But not in the spring.  In the spring, the baseball park at the end of the block was open for business.   With every game came the lure of the concession stand.  Candy, the real stuff,  Sugar Babies, Boston Baked Beans, Lemon Heads, Ring Pops, and Razzles seemed to call at Hap, chattering like outfielders taunting a batter.  

Hap had figured, with his allowance he could afford about 4 things from the concession stand per week; one item for each night the park was open.  But the money never lasted that long.  He’d told Mama he needed more allowance since the days were longer in the Spring.  A request that only earned him a laugh.

The park manager knew the boys well, and when he’d found the pocket knife with James’ name engraved on its handle just outside the ransacked concession stand, he walked it right on over to the Prescott house and gave it to Mama.

There was no question James was involved.  But she wasn’t sure about Hap.

“I don’t even know what contraband is,” Hap had answered her, honestly.

Hap should have known what she’d say to that.  “Go look it up in the dictionary,” she’d told him and left the kitchen.

It was unclear if she believed him, but the conversation ended there.  

Or so Hap thought, until he brought the notice home that the 2nd grade class would be making their 1st Confession.  That’s when Mama tricked him.   “Come sit on my lap,” she’d said.  It was safe, James and the older boys were at football practice.  She spoke softly, she was saying something about trust.  She stroked his hair and rubbed his cheek with the side of her finger.  Hap’s eyes were locked on hers.  

“… tell Fr.
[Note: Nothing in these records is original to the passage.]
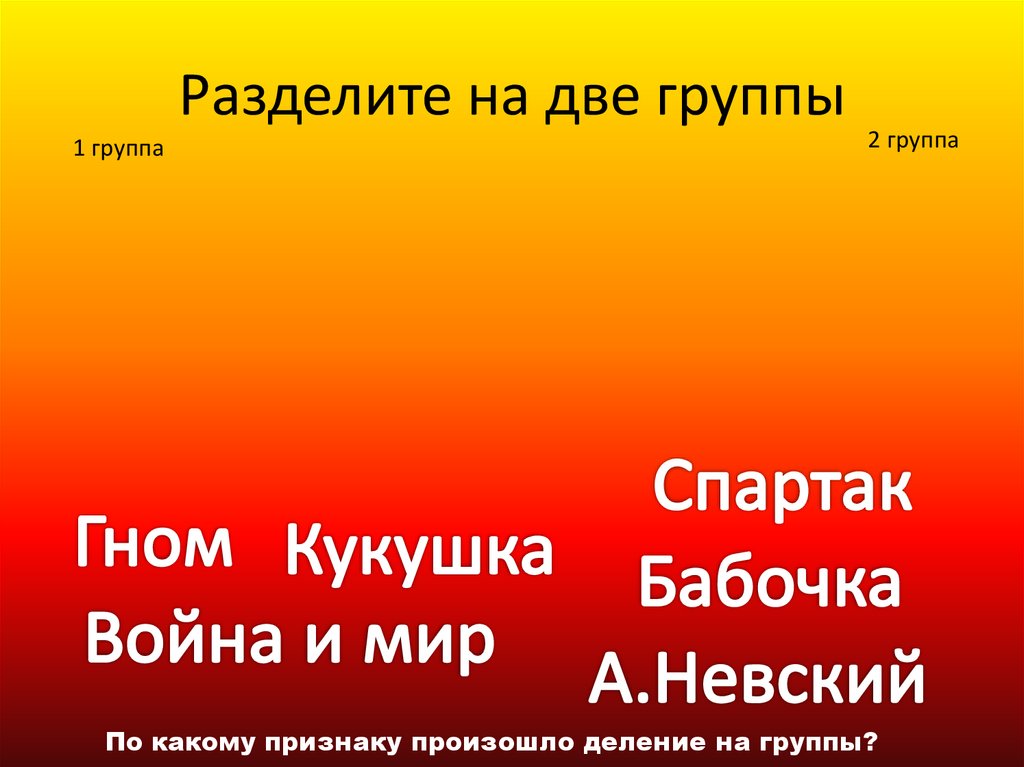 Разделите на две группы1 группа
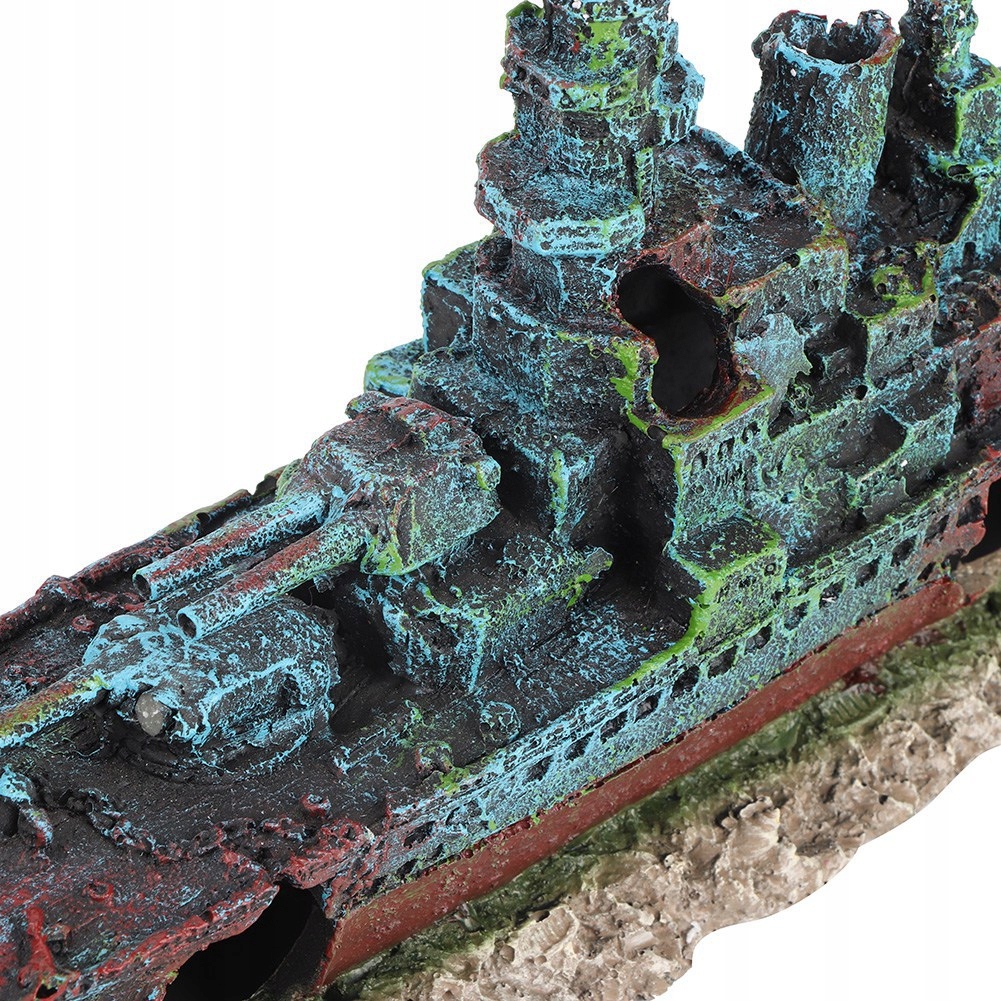 1. Виготовлений із нетоксичного полімерного матеріалу, стійкого до корозії, безпечного для риб. 2. Імітація корабельної аварії моделі лінкора та яскраві кольори додадуть радості та природного відчуття вашому акваріуму. 3. Конструкція з кількома отворами забезпечує ідеальне місце для сховання риби та креветок. 4. Чудова прикраса для вашого акваріума. 5. Розширена основа для легкого та надійного розміщення.
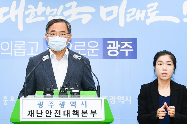 | ▲ 이삼용 코로나19 민관공동대책위원회 공동위원장이 22일 오전 시청 브리핑룸에서 사회적거리두기 2단계 격상 등 민관공동대책위원회 회의 결과를 발표하고 있다./광주광역시 제공 |

Fidelis about the concession stand,” was all he heard.    

“Whuh? What about the concession stand?” he asked, feeling like someone had changed the channel in the middle of a good movie.
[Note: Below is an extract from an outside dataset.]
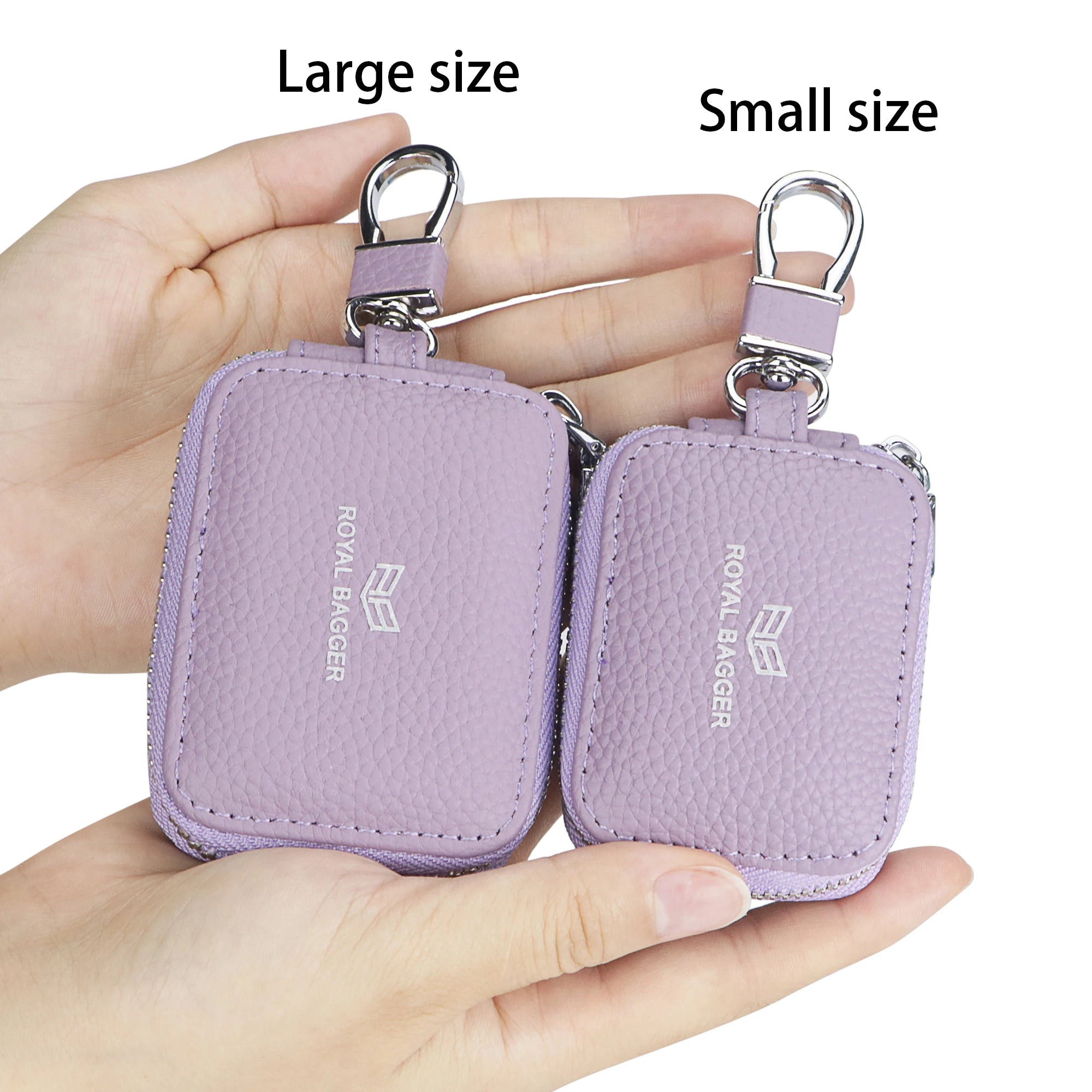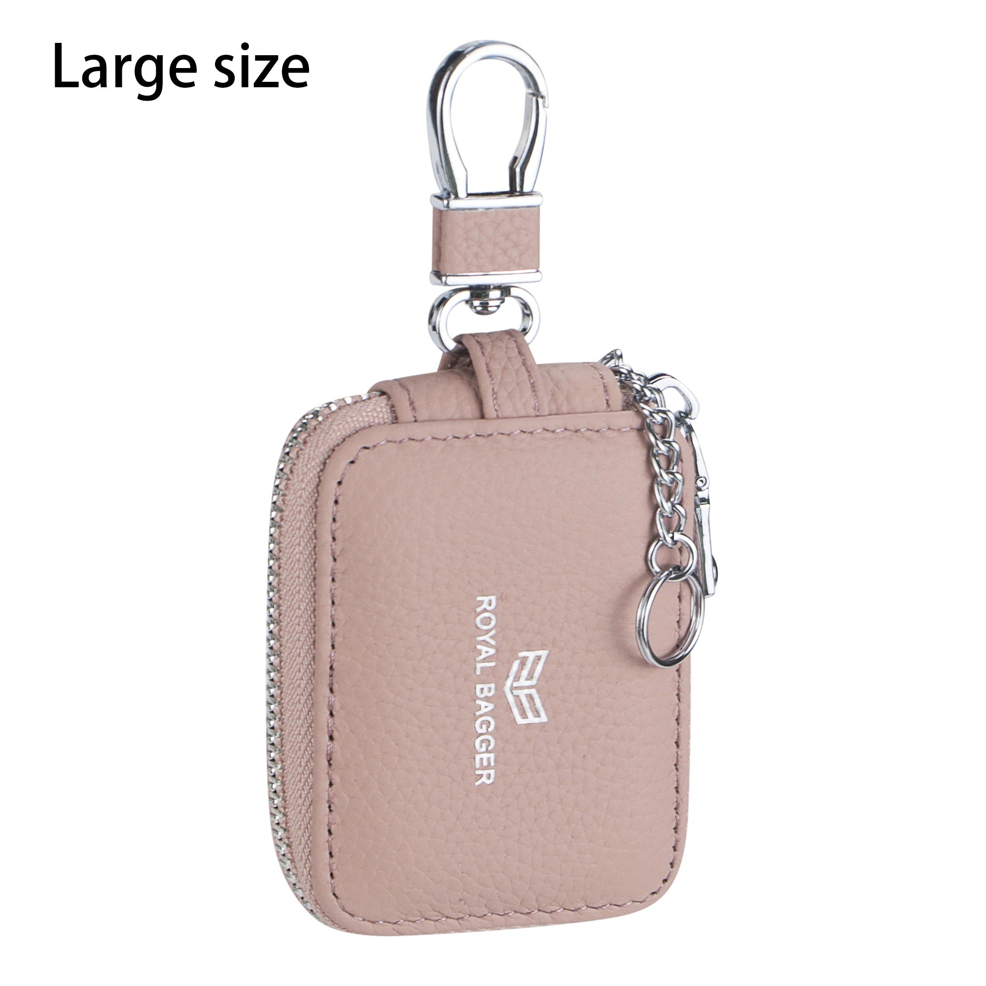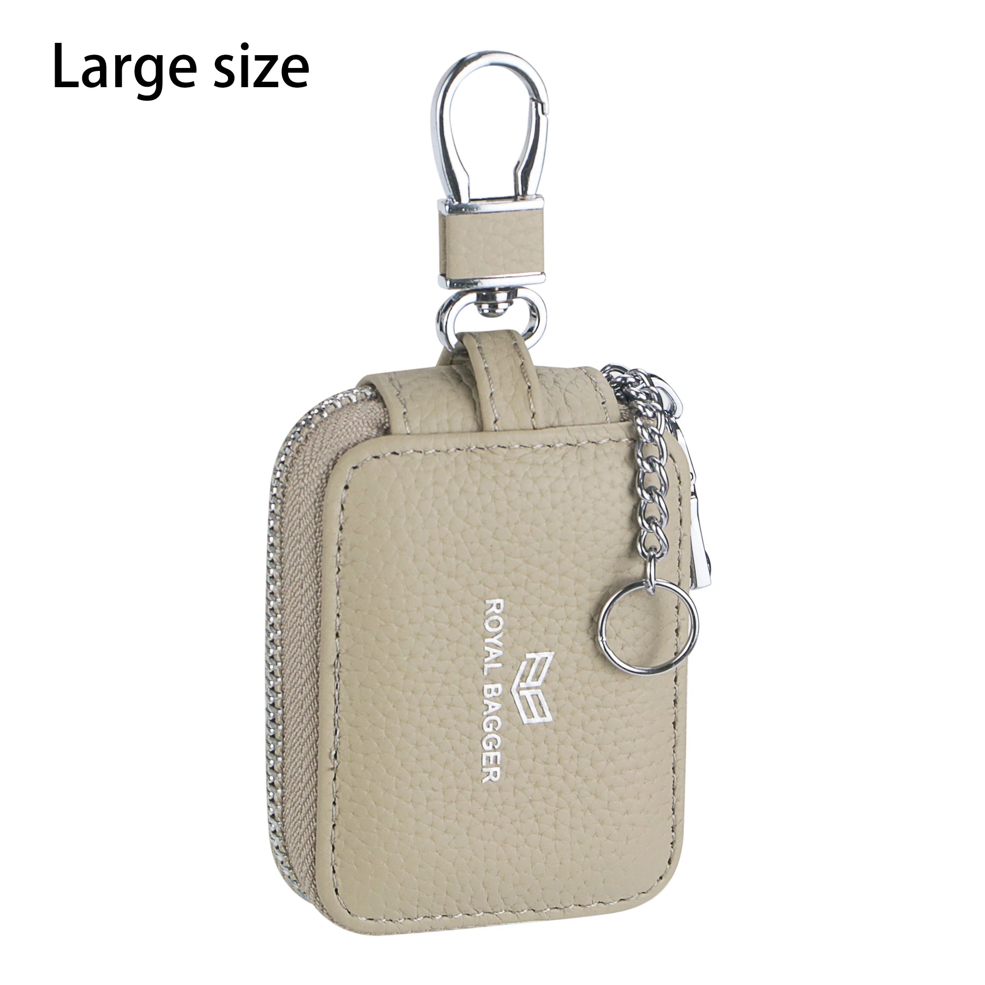 Royal Bagger Mini Earphone Bag Genuine Leather Zipper Key Wallet with Keychain, Portable Headphone Case for Men & Women 3901
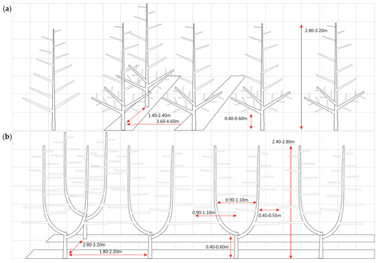 - Mika, A.; Buler, Z.; Chlebowska, D. The Effect of Training Systems and Planting Density on Growth and Fruiting of Plum Trees Grafted on Two Rootstocks. Acta Hortic. 1998, 478, 107–112. Available online: https://www.actahort.org/books/478/478_16.htm (accessed on 12 September 2023). [CrossRef]

She took one of her deep breaths and said, “Let’s not go over the whole thing again, Hap.” 

Fr. Fidelis stood in front of the altar now and said the 2nd graders could make their way to the priest of their choosing when they felt ready. The church seemed warmer than usual.  Maybe it was because he was sitting so close to Mama or maybe fear makes you hot, too.  He shrugged his shoulders about, trying to get a little air under his suit coat.  

Hap scanned the front of the church.  There were priests stationed in different nooks and corners.  Each station had two chairs; one for the priest – the other- facing the priest.  In the back of the church were the confessionals with the curtains and the screens between the priest and the sinner.  The confessionals were for sissies. 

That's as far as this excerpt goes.